Exercise> Restate word for word the lines of the records below, starting at the line that contains "在职业化道路上,交易员必须在" and ending at the line that contains "Lavaremos los garbanzos", with both of those lines included and nothing else.

Exercise material>

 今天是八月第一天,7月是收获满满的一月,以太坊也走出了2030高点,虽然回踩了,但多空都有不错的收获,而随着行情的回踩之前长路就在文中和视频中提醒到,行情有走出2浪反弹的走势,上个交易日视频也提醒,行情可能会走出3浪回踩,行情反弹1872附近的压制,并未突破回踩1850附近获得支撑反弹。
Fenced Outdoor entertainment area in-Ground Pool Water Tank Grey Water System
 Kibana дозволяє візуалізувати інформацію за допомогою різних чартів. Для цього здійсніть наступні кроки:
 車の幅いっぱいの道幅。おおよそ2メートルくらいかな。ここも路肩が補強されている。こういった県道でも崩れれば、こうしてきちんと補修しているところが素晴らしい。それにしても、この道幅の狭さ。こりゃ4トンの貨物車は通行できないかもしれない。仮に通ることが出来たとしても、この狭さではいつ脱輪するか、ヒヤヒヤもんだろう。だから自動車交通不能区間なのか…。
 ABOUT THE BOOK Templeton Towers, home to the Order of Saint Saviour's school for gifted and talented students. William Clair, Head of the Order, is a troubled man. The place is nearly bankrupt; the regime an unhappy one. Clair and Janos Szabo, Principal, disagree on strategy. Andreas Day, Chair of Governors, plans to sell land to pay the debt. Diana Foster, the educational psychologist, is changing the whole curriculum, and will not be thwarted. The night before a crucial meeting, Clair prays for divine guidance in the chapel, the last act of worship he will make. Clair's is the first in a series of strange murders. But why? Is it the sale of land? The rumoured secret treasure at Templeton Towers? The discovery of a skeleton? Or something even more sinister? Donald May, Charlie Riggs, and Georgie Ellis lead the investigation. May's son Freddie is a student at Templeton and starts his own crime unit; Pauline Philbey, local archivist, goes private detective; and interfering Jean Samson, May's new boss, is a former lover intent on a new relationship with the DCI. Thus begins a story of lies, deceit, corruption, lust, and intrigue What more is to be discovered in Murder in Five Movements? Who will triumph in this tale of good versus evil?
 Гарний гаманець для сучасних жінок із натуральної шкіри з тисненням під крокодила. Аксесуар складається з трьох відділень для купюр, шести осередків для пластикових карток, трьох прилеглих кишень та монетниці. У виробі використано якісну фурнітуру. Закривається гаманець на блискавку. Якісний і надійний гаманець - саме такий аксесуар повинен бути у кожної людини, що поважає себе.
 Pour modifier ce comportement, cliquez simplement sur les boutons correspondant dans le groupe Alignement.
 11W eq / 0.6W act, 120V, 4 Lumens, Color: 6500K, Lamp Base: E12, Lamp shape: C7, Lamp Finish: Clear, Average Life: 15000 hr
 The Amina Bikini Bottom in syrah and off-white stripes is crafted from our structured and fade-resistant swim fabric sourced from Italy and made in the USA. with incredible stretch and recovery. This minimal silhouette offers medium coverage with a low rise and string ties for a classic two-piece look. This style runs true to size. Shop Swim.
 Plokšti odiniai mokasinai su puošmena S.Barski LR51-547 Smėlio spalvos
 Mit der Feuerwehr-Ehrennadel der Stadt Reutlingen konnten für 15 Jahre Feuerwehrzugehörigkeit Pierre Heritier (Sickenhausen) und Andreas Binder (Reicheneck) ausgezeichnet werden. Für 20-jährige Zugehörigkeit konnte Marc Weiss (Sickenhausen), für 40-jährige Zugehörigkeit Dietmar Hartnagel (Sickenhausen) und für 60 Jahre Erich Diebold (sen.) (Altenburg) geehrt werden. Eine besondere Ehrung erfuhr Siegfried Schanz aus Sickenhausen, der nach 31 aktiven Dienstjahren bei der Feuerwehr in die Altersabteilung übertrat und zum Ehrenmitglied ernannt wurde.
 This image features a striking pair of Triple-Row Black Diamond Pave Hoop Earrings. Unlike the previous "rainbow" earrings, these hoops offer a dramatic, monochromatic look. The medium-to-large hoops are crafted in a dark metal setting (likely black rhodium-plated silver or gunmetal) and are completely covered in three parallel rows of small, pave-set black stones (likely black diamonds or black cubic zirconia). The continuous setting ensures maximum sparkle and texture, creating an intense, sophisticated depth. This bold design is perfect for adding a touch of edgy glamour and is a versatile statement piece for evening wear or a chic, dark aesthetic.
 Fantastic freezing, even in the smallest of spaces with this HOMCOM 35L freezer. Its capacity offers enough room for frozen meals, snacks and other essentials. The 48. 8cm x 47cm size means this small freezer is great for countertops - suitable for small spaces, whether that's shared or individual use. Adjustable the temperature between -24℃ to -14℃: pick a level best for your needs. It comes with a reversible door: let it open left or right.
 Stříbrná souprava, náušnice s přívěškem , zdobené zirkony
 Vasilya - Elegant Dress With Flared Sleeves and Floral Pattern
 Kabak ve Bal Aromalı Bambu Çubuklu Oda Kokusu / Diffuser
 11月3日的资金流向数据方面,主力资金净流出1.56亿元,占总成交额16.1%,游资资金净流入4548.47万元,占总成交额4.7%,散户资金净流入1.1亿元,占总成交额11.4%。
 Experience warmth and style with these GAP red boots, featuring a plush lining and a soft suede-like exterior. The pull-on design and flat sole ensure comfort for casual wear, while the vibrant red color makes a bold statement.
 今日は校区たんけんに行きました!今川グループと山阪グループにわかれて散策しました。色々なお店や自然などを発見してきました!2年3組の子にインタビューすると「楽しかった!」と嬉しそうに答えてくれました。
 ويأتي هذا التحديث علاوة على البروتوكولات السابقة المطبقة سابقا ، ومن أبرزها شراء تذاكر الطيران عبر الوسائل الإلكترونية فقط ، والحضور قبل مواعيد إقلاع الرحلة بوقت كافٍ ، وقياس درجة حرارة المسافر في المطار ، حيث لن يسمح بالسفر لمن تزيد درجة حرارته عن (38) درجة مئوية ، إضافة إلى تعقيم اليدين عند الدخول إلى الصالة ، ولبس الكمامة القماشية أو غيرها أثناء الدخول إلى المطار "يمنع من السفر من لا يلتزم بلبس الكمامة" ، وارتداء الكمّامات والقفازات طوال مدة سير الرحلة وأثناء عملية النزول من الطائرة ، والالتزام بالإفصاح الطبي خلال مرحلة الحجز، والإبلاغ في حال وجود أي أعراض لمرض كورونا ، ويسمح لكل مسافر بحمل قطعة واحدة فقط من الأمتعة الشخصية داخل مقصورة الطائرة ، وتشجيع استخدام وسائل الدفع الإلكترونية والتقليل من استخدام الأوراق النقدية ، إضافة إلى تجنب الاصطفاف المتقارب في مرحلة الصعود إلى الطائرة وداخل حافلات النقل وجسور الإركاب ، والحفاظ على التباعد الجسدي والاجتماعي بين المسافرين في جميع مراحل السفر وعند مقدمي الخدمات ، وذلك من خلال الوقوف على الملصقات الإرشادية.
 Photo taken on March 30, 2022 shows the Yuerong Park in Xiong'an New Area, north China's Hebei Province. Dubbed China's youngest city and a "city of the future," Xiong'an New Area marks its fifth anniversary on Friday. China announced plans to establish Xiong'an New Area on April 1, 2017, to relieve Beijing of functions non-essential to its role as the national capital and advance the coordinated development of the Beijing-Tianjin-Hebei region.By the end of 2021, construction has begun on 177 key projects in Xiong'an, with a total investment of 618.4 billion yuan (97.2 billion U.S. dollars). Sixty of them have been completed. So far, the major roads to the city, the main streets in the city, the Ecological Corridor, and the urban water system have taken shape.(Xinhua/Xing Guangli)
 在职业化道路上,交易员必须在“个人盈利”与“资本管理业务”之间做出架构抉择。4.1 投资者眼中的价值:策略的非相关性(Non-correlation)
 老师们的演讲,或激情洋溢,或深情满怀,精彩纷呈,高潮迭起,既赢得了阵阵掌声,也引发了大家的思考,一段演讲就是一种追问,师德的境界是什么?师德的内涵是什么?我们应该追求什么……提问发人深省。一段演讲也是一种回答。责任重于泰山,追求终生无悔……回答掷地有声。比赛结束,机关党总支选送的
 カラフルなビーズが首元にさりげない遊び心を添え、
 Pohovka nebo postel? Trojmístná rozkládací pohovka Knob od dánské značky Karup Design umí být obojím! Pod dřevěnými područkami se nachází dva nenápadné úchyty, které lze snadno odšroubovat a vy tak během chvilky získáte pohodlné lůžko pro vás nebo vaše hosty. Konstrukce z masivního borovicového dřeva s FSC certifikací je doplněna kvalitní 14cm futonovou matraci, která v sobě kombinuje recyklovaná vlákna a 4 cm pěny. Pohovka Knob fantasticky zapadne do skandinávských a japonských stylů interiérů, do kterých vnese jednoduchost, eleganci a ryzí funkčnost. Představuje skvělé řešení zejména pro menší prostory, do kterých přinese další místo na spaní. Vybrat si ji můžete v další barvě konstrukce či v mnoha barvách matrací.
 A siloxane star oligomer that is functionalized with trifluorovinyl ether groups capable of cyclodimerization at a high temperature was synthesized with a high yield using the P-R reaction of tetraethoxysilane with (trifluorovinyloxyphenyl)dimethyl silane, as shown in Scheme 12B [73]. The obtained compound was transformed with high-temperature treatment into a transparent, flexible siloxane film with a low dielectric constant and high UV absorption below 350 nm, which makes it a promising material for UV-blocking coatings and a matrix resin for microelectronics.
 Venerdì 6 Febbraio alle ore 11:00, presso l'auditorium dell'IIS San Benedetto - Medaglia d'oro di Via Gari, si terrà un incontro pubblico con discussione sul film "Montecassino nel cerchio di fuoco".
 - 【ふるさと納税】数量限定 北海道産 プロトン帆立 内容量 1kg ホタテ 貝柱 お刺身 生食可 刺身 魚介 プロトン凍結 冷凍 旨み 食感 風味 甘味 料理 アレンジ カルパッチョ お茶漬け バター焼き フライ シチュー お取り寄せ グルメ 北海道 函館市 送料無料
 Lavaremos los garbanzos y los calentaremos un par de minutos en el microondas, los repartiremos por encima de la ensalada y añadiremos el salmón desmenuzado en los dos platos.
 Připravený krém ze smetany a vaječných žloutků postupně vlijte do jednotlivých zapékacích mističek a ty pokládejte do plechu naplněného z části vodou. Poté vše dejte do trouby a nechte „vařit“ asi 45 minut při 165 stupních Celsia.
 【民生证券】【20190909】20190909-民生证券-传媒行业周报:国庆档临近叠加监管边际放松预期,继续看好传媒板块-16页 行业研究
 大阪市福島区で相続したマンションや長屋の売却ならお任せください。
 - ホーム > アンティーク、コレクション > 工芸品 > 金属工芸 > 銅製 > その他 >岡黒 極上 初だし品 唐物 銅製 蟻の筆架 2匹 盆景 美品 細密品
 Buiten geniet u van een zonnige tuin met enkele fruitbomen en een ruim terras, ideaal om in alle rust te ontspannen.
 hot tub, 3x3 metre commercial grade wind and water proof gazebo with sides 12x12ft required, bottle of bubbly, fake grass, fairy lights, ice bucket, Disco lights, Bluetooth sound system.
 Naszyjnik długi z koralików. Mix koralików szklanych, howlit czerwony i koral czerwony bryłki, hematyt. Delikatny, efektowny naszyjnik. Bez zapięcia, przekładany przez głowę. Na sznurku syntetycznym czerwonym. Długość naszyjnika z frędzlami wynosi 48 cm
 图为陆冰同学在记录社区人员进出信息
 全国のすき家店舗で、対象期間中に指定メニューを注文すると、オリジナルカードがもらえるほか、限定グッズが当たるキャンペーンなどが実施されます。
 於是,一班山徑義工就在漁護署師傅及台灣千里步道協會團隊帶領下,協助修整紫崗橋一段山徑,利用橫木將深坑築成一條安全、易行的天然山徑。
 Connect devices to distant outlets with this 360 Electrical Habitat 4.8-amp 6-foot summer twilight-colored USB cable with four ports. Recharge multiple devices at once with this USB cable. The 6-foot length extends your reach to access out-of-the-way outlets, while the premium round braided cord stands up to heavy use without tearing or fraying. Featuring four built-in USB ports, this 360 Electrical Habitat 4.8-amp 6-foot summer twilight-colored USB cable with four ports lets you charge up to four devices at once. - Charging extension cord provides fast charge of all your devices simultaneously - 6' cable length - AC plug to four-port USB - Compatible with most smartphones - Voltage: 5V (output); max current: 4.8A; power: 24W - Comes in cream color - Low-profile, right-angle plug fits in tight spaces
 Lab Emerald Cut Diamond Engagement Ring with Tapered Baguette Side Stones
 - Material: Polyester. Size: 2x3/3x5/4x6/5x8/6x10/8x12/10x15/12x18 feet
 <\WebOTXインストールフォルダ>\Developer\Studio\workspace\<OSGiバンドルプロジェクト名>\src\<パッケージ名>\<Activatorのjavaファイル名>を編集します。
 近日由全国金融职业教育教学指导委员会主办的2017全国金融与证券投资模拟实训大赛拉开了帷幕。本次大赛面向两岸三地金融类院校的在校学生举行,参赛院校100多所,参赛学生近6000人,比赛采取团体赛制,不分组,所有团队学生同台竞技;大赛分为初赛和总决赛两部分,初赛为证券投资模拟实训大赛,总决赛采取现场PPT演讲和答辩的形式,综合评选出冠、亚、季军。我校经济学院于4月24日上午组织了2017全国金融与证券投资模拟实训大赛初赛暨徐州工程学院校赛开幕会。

Solution below>
 在职业化道路上,交易员必须在“个人盈利”与“资本管理业务”之间做出架构抉择。4.1 投资者眼中的价值:策略的非相关性(Non-correlation)
 老师们的演讲,或激情洋溢,或深情满怀,精彩纷呈,高潮迭起,既赢得了阵阵掌声,也引发了大家的思考,一段演讲就是一种追问,师德的境界是什么?师德的内涵是什么?我们应该追求什么……提问发人深省。一段演讲也是一种回答。责任重于泰山,追求终生无悔……回答掷地有声。比赛结束,机关党总支选送的
 カラフルなビーズが首元にさりげない遊び心を添え、
 Pohovka nebo postel? Trojmístná rozkládací pohovka Knob od dánské značky Karup Design umí být obojím! Pod dřevěnými područkami se nachází dva nenápadné úchyty, které lze snadno odšroubovat a vy tak během chvilky získáte pohodlné lůžko pro vás nebo vaše hosty. Konstrukce z masivního borovicového dřeva s FSC certifikací je doplněna kvalitní 14cm futonovou matraci, která v sobě kombinuje recyklovaná vlákna a 4 cm pěny. Pohovka Knob fantasticky zapadne do skandinávských a japonských stylů interiérů, do kterých vnese jednoduchost, eleganci a ryzí funkčnost. Představuje skvělé řešení zejména pro menší prostory, do kterých přinese další místo na spaní. Vybrat si ji můžete v další barvě konstrukce či v mnoha barvách matrací.
 A siloxane star oligomer that is functionalized with trifluorovinyl ether groups capable of cyclodimerization at a high temperature was synthesized with a high yield using the P-R reaction of tetraethoxysilane with (trifluorovinyloxyphenyl)dimethyl silane, as shown in Scheme 12B [73]. The obtained compound was transformed with high-temperature treatment into a transparent, flexible siloxane film with a low dielectric constant and high UV absorption below 350 nm, which makes it a promising material for UV-blocking coatings and a matrix resin for microelectronics.
 Venerdì 6 Febbraio alle ore 11:00, presso l'auditorium dell'IIS San Benedetto - Medaglia d'oro di Via Gari, si terrà un incontro pubblico con discussione sul film "Montecassino nel cerchio di fuoco".
 - 【ふるさと納税】数量限定 北海道産 プロトン帆立 内容量 1kg ホタテ 貝柱 お刺身 生食可 刺身 魚介 プロトン凍結 冷凍 旨み 食感 風味 甘味 料理 アレンジ カルパッチョ お茶漬け バター焼き フライ シチュー お取り寄せ グルメ 北海道 函館市 送料無料
 Lavaremos los garbanzos y los calentaremos un par de minutos en el microondas, los repartiremos por encima de la ensalada y añadiremos el salmón desmenuzado en los dos platos.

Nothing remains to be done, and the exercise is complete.